→ Exercise requirements
With pictures left out, write out exactly every line from the start of the data through the one that contains "90 Watt replacement".

→ Information shown
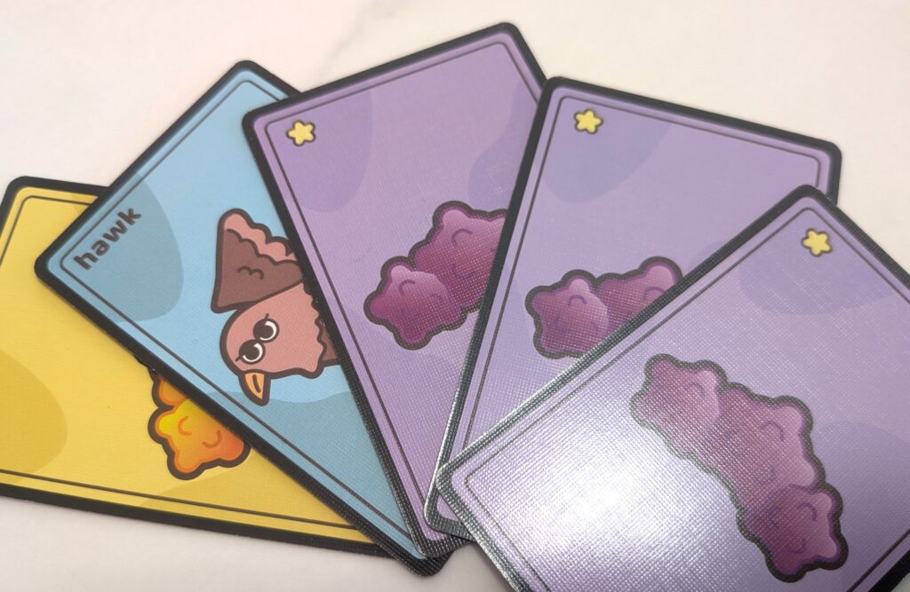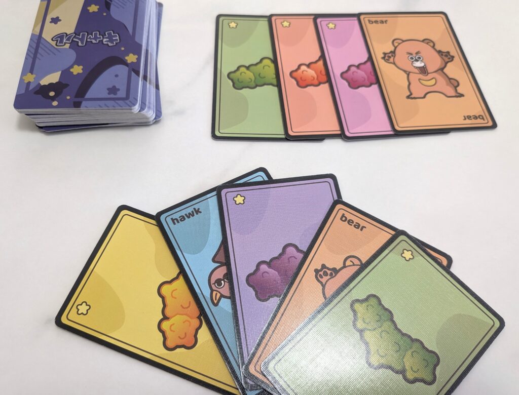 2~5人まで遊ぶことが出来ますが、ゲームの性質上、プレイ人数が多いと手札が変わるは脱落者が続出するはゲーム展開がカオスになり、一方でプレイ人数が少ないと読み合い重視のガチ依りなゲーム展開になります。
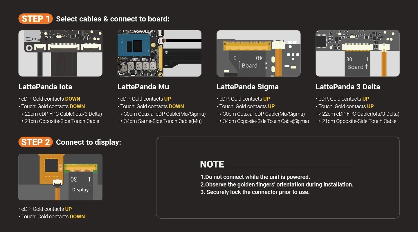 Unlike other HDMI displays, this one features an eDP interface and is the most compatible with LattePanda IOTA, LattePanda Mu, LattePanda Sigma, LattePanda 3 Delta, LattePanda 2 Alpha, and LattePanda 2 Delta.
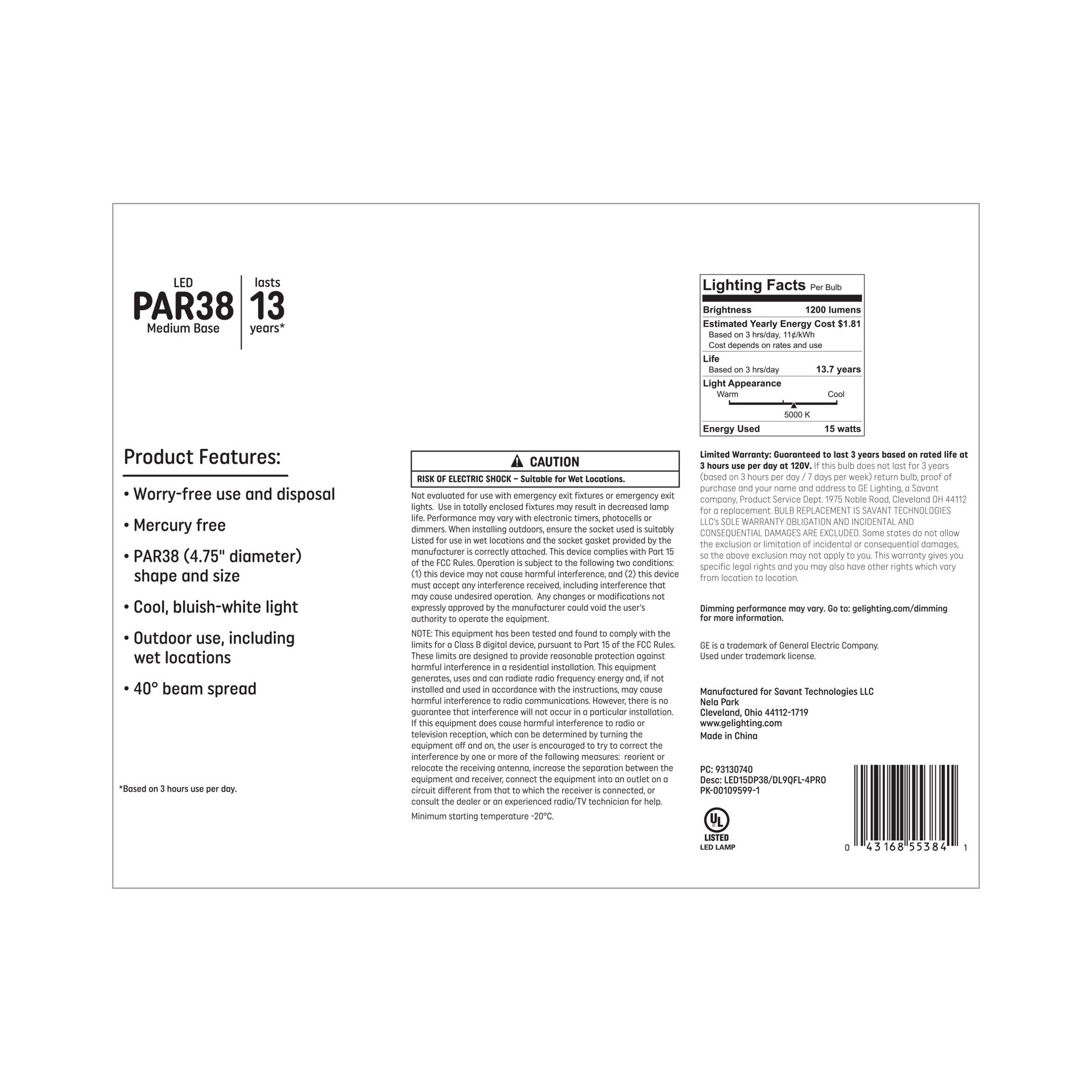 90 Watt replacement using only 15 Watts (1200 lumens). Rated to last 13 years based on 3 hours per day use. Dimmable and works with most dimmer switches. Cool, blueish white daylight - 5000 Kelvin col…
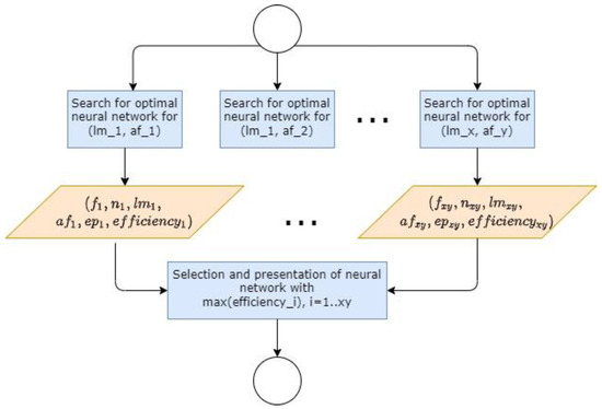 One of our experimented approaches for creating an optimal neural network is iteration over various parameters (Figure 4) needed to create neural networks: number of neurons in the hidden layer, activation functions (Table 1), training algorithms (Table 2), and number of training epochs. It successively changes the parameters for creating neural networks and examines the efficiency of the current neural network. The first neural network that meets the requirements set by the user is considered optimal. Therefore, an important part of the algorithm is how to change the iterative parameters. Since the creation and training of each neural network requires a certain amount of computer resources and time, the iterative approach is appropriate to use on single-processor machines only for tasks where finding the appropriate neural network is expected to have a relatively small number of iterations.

→ Task response
 2~5人まで遊ぶことが出来ますが、ゲームの性質上、プレイ人数が多いと手札が変わるは脱落者が続出するはゲーム展開がカオスになり、一方でプレイ人数が少ないと読み合い重視のガチ依りなゲーム展開になります。
 Unlike other HDMI displays, this one features an eDP interface and is the most compatible with LattePanda IOTA, LattePanda Mu, LattePanda Sigma, LattePanda 3 Delta, LattePanda 2 Alpha, and LattePanda 2 Delta.
 90 Watt replacement using only 15 Watts (1200 lumens). Rated to last 13 years based on 3 hours per day use. Dimmable and works with most dimmer switches. Cool, blueish white daylight - 5000 Kelvin col…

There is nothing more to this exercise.